----- Task input
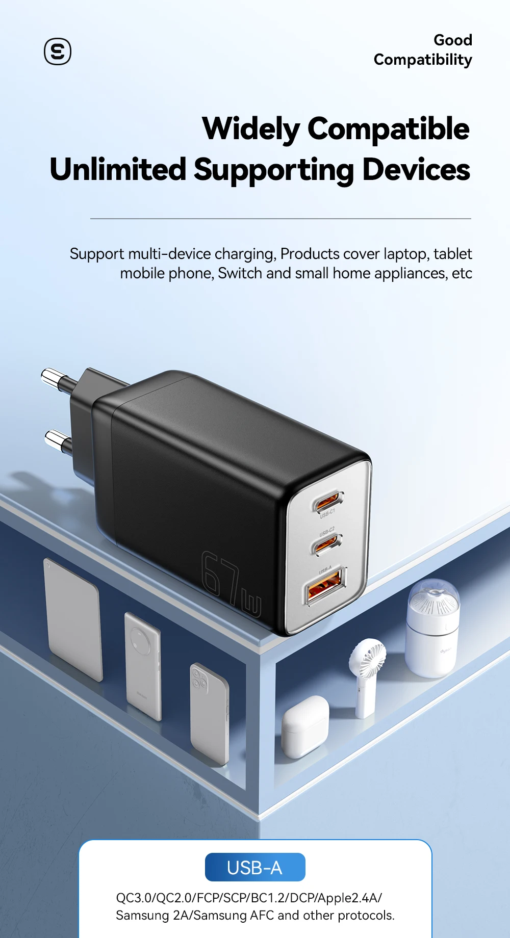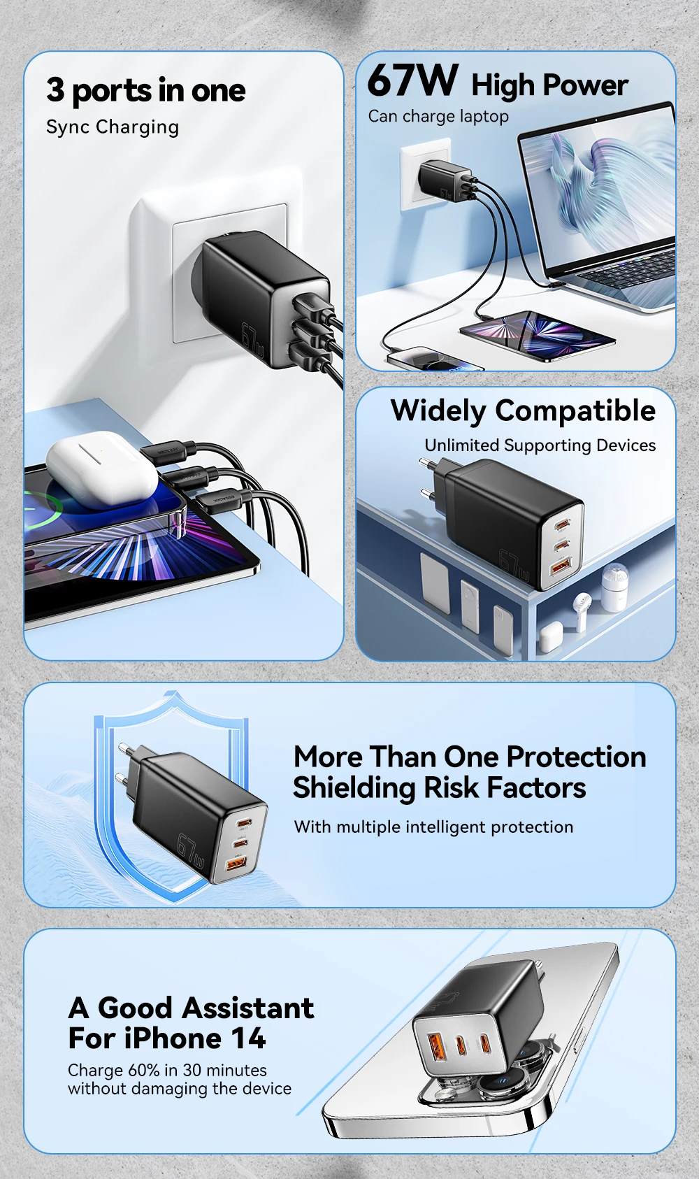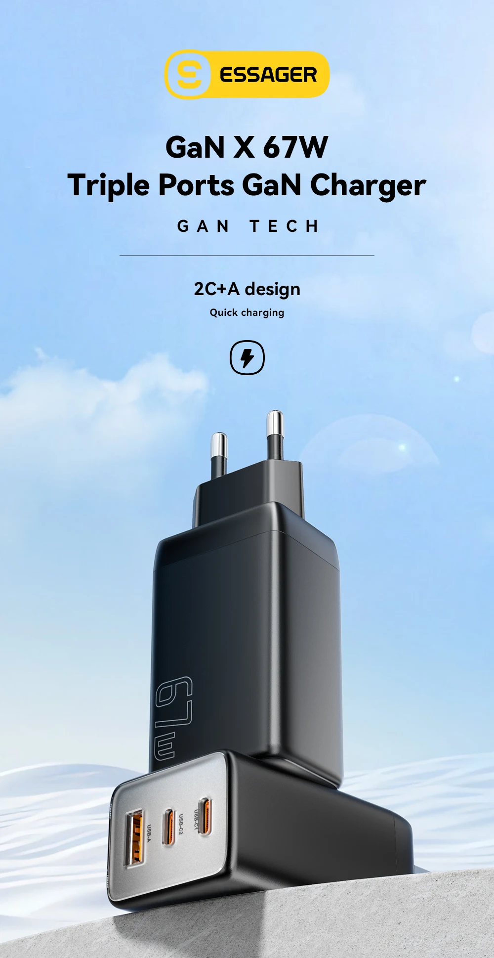Comprar Essager 67W GaN USB tipo C cargador PPS 65W carga rápida para Samsung QC 4,0 PD 3,0 iPhone 15 14 13 Pro Huawei teléfono portátil Chagers
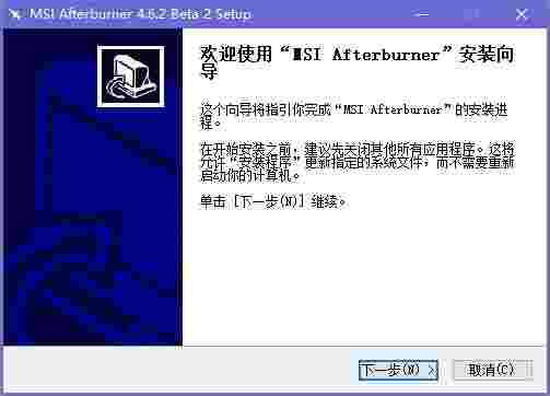 1、在本站下载微星显卡超频工具软件,解压之后双击.exe,出现一个安装向导界面,点击“下一步”继续。
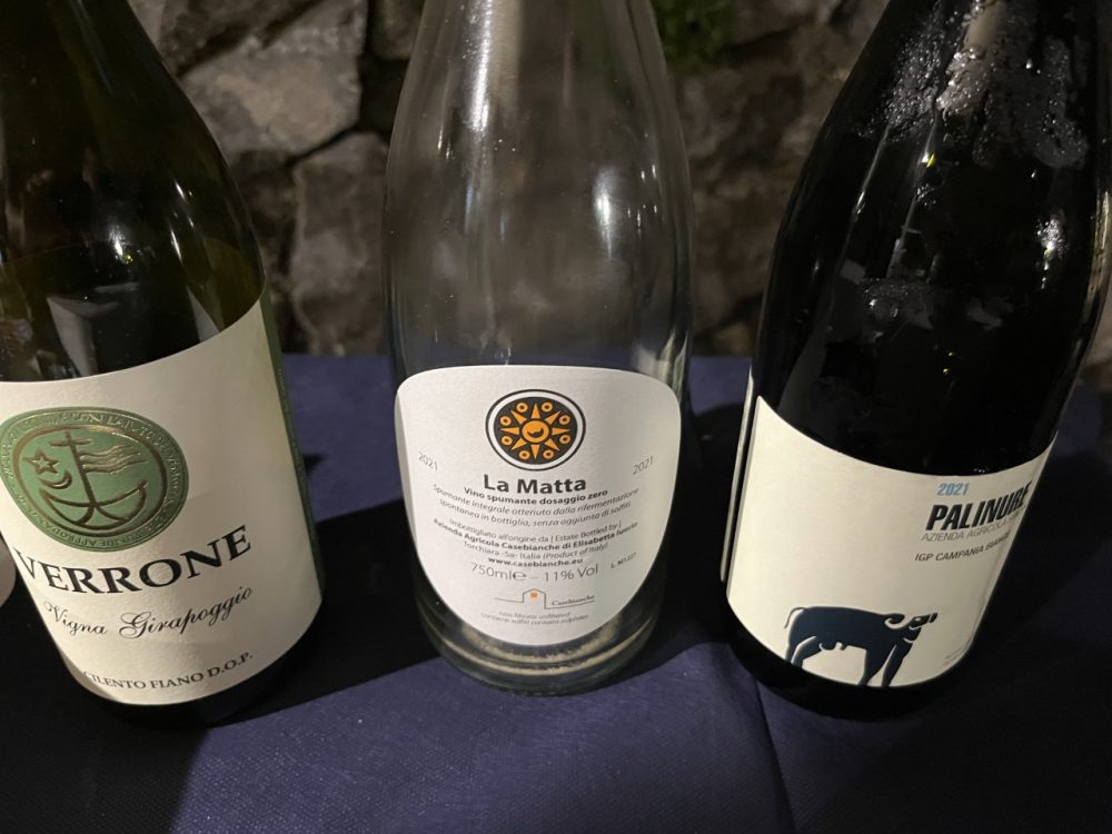 Non poteva mancare un calice da accompagnare ai piatti ed ecco che tre aziende cilentane, Casebianche, Verrone e San Salvatore 1988, hanno voluto omaggiare i presenti con le loro produzioni, in un riuscitissimo matrimonio Cilento-Monti Lattari.
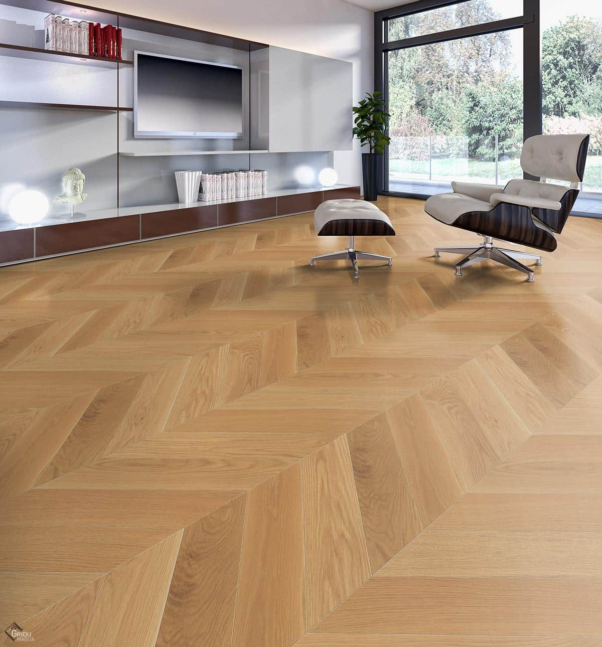 3-slāņu parkets no ozola Corinth, franču skujiņas rakstā, ar 60° leņķi, UV eļļa, birstēts, ar fazēm no 4-ām pusēm , Active atlasījums.
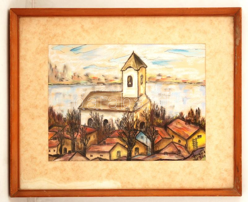 Olvashatatlan jelzéssel: Templom házakkal. Pasztell, papír, 28×39 cm https://www.darabanth.com/de/265-Fernauktion/265.0/Andere-Sammelgebiete/Gemalde-und-Grafiken~1/Olvashatatlan-jelzessel-Templom-hazakkal-Pasztell-papir-28C39739-cm~II1281603
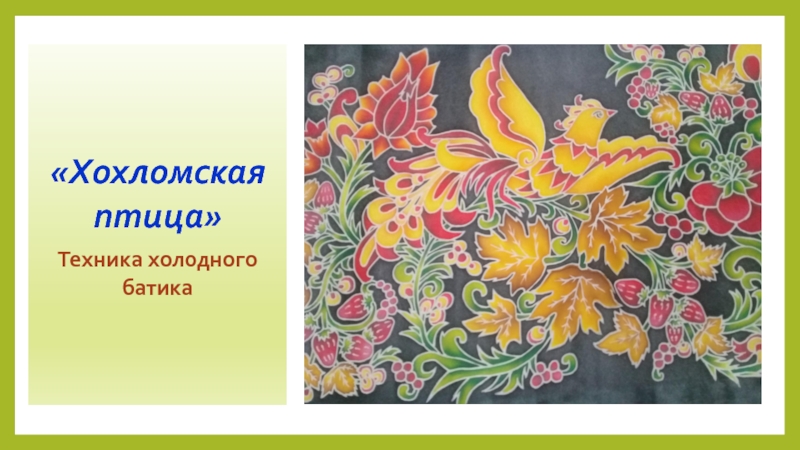 выполнить стилизацию птицы и растительных элементов хохломской росписи в декоративной композиции холодного батика.
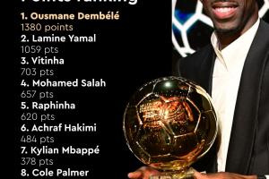 体育资讯09月27日讯 金球奖分数公布:登贝莱1380分第一,亚马尔1059分。
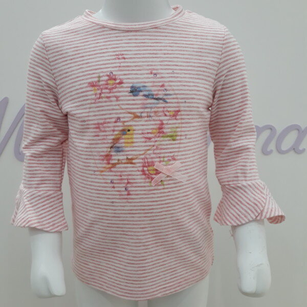 은은한 핑크메란 스트라이프의 티셔츠입니다. 간절기에 활용도가 높은 7부 소매에 소매끝은 튤립 휴레아 디자인으로 캐츄얼하지만 여성스러운 분위기의 티셔츠입니다. 기본핏에 소재를 사용해서 활동하기에도 편안합니다. 가슴의 파스텔톤의 새 프린트 포인티가 심플한 티셔츠에 특별함을 더해줍니다.
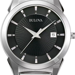 From the Classic Collection. In stainless steel with domed crystal, patterned black dial, calendar, second hand, and secure double-press fold-over clasp.
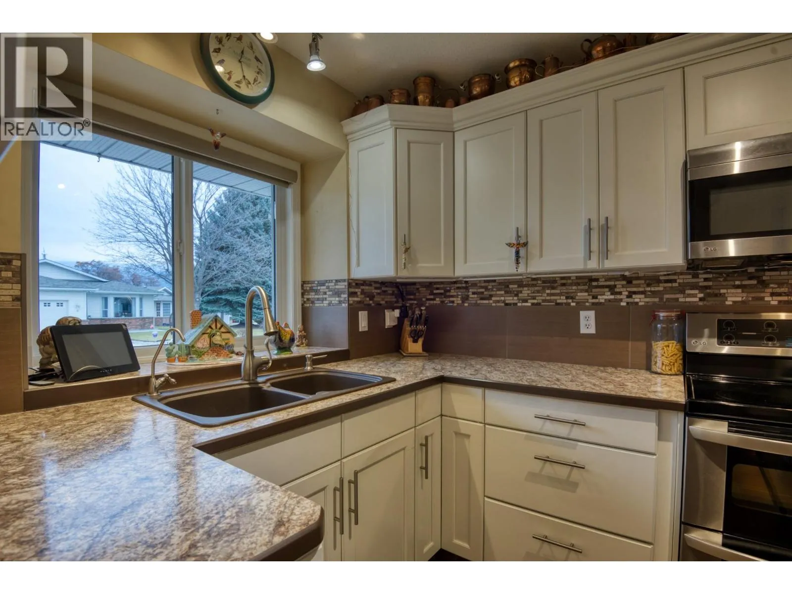 1300 sf, 2 bed + flex room, 2 full baths - shows very well. Newer hardwood & tile flooring throughout. Updated kitchen with bright white + glass cabinets, stainless appliances, tile flooring. Handy breakfast bar too. Vaulted dining area off kitchen, opens to a bright 4 season conservatory with heating/cooling. Principal bed with remodeled 3 piece ensuite + remodeled 4 piece bath. Laundry/storage with newer washer/dryer. Newer furnace, a/c. New windows, updated plumbing with poly B removed, newer window coverings. Outdoor living with a private western backyard, all fenced: new patio + a new patio cover, 10x15 garden shed & a second secure storage shed. Plenty of work space in the garage, open parking too. U/g irrigation with lovely gardens front & back. Secure RV parking on site. 200 meter walk to a private beach & social club house. First Nations leasehold property - lease has been prepaid to 2036, Red Wing has Right of First Refusal, a paperwork formality. Two thumbs up, show this! (id:27476)
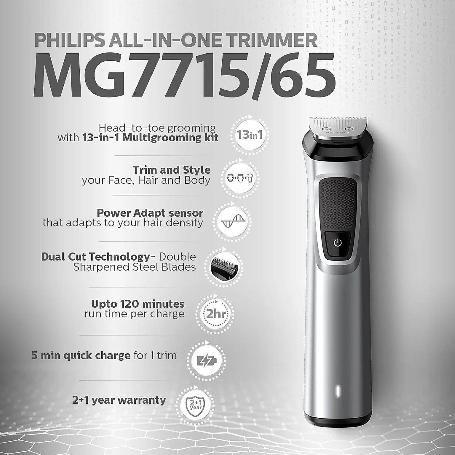 / All in One Trimmer | 13 in 1 for Face, Head and Body | Power adapt technology | MG7715/65
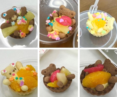 おなかから上をカットしてから焼いたくまのクッキーを、カスタードクリームに埋め込んでもかわいいです。
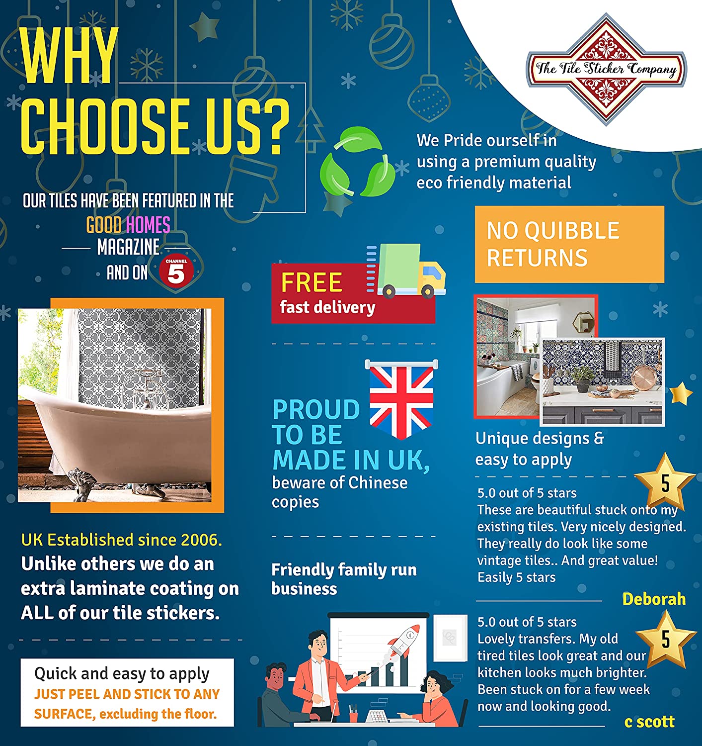 BUILD TO LAST DECADES – Made from 100% quality vinyl, these stickers are scratch-proof as well as washable. They are water-resistant and can be wiped down with a damp cloth making them ideal for use in a kitchen or bathroom.
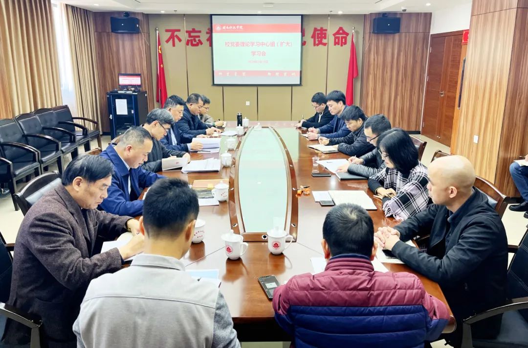 校党委书记李旭,常务副校长、校纪委书记、董事长助理周勇军分别领学,中心组成员结合自身学习情况和工作实际依次发言,交流学习心得和感受。
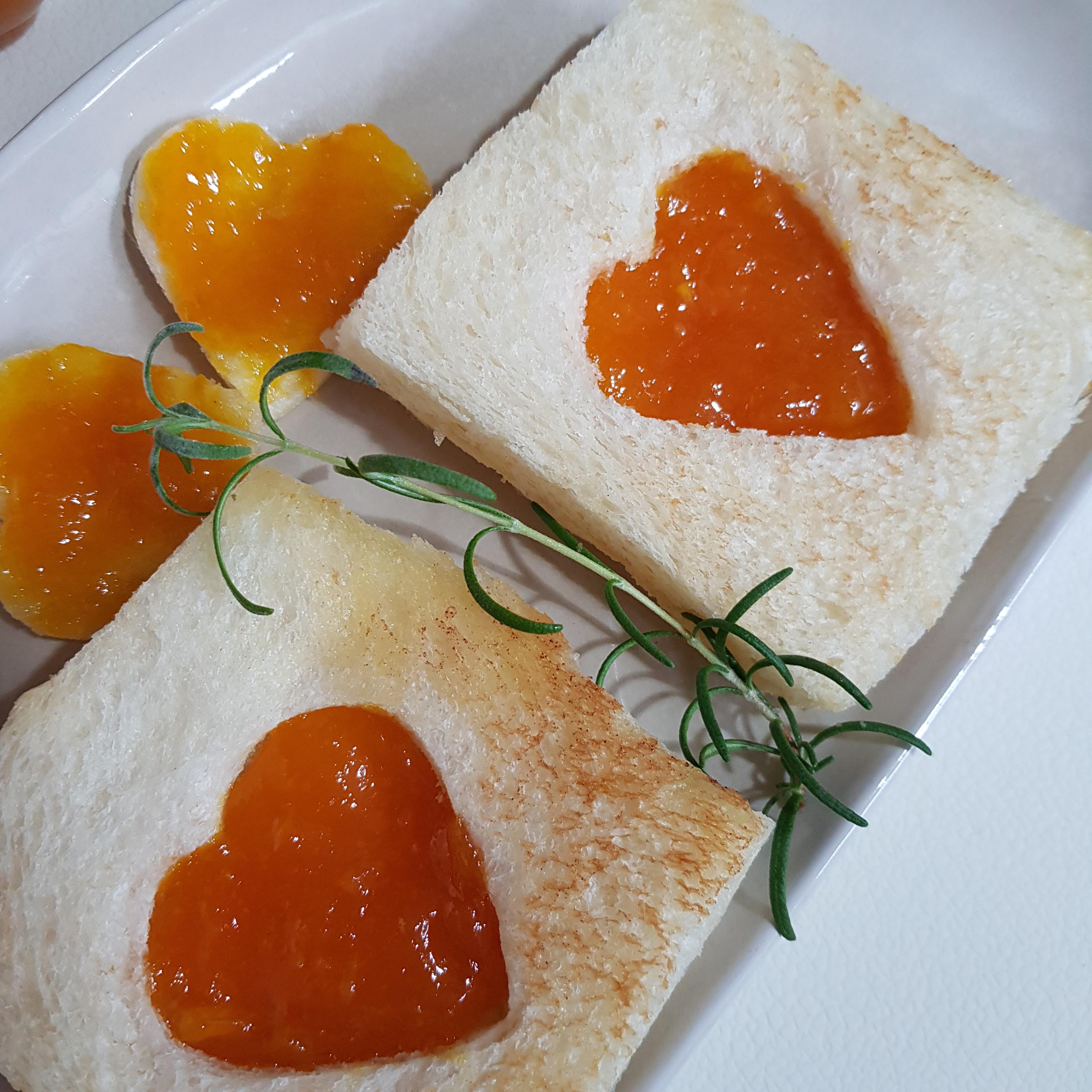 ▶ 구운 빵에 귤잼 발라만 줘도 맛있지만 저는 틀을 이용해 하트 모양을 찍어주고 하트 안에 귤잼을 넣어 더 맛있어 보이게 만들었답니다^^
----------
Output the records above unchanged, minus their pictures.

Comprar Essager 67W GaN USB tipo C cargador PPS 65W carga rápida para Samsung QC 4,0 PD 3,0 iPhone 15 14 13 Pro Huawei teléfono portátil Chagers
 1、在本站下载微星显卡超频工具软件,解压之后双击.exe,出现一个安装向导界面,点击“下一步”继续。
 Non poteva mancare un calice da accompagnare ai piatti ed ecco che tre aziende cilentane, Casebianche, Verrone e San Salvatore 1988, hanno voluto omaggiare i presenti con le loro produzioni, in un riuscitissimo matrimonio Cilento-Monti Lattari.
 3-slāņu parkets no ozola Corinth, franču skujiņas rakstā, ar 60° leņķi, UV eļļa, birstēts, ar fazēm no 4-ām pusēm , Active atlasījums.
 Olvashatatlan jelzéssel: Templom házakkal. Pasztell, papír, 28×39 cm https://www.darabanth.com/de/265-Fernauktion/265.0/Andere-Sammelgebiete/Gemalde-und-Grafiken~1/Olvashatatlan-jelzessel-Templom-hazakkal-Pasztell-papir-28C39739-cm~II1281603
 выполнить стилизацию птицы и растительных элементов хохломской росписи в декоративной композиции холодного батика.
 体育资讯09月27日讯 金球奖分数公布:登贝莱1380分第一,亚马尔1059分。
 은은한 핑크메란 스트라이프의 티셔츠입니다. 간절기에 활용도가 높은 7부 소매에 소매끝은 튤립 휴레아 디자인으로 캐츄얼하지만 여성스러운 분위기의 티셔츠입니다. 기본핏에 소재를 사용해서 활동하기에도 편안합니다. 가슴의 파스텔톤의 새 프린트 포인티가 심플한 티셔츠에 특별함을 더해줍니다.
 From the Classic Collection. In stainless steel with domed crystal, patterned black dial, calendar, second hand, and secure double-press fold-over clasp.
 1300 sf, 2 bed + flex room, 2 full baths - shows very well. Newer hardwood & tile flooring throughout. Updated kitchen with bright white + glass cabinets, stainless appliances, tile flooring. Handy breakfast bar too. Vaulted dining area off kitchen, opens to a bright 4 season conservatory with heating/cooling. Principal bed with remodeled 3 piece ensuite + remodeled 4 piece bath. Laundry/storage with newer washer/dryer. Newer furnace, a/c. New windows, updated plumbing with poly B removed, newer window coverings. Outdoor living with a private western backyard, all fenced: new patio + a new patio cover, 10x15 garden shed & a second secure storage shed. Plenty of work space in the garage, open parking too. U/g irrigation with lovely gardens front & back. Secure RV parking on site. 200 meter walk to a private beach & social club house. First Nations leasehold property - lease has been prepaid to 2036, Red Wing has Right of First Refusal, a paperwork formality. Two thumbs up, show this! (id:27476)
 / All in One Trimmer | 13 in 1 for Face, Head and Body | Power adapt technology | MG7715/65
 おなかから上をカットしてから焼いたくまのクッキーを、カスタードクリームに埋め込んでもかわいいです。
 BUILD TO LAST DECADES – Made from 100% quality vinyl, these stickers are scratch-proof as well as washable. They are water-resistant and can be wiped down with a damp cloth making them ideal for use in a kitchen or bathroom.
 校党委书记李旭,常务副校长、校纪委书记、董事长助理周勇军分别领学,中心组成员结合自身学习情况和工作实际依次发言,交流学习心得和感受。
 ▶ 구운 빵에 귤잼 발라만 줘도 맛있지만 저는 틀을 이용해 하트 모양을 찍어주고 하트 안에 귤잼을 넣어 더 맛있어 보이게 만들었답니다^^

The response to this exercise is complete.